__Exercise details__.
A picture-free, exact reproduction of the listing that follows is required.

__Data__.
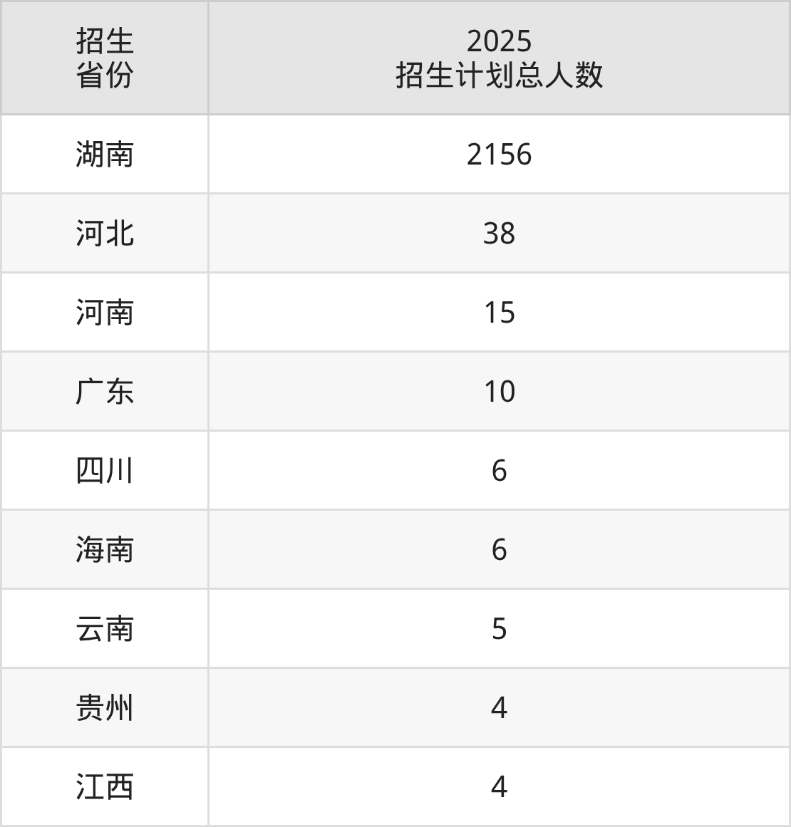 2025年郴州思科职业学院面向全国9个省市开展专科招生;招生专业共22个,招生人数共2244人。2025年在湖南省招生计划总人数是2156人,其中,郴州思科职业学院在湖南省招生人数最多的是护理。郴州思科职业学院在各省具体招生人数情况如下表。
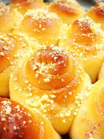 面团材料:高粉200克,低粉20克,细砂糖30克,盐2克,酵母3克,奶酪粉5克,全蛋15克,水120克,黄油20克
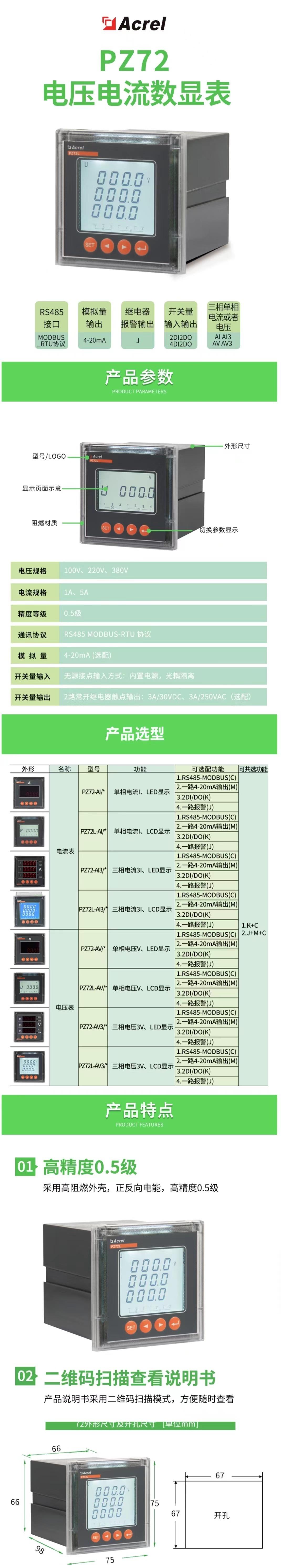 PZ72-AI basic payment, PZ72-AI/C with RS485 communication, PZ72-AI/M with one-way 4-20mA output, PZ72-AI/J bel...

__Written response__.
 2025年郴州思科职业学院面向全国9个省市开展专科招生;招生专业共22个,招生人数共2244人。2025年在湖南省招生计划总人数是2156人,其中,郴州思科职业学院在湖南省招生人数最多的是护理。郴州思科职业学院在各省具体招生人数情况如下表。
 面团材料:高粉200克,低粉20克,细砂糖30克,盐2克,酵母3克,奶酪粉5克,全蛋15克,水120克,黄油20克
 PZ72-AI basic payment, PZ72-AI/C with RS485 communication, PZ72-AI/M with one-way 4-20mA output, PZ72-AI/J bel...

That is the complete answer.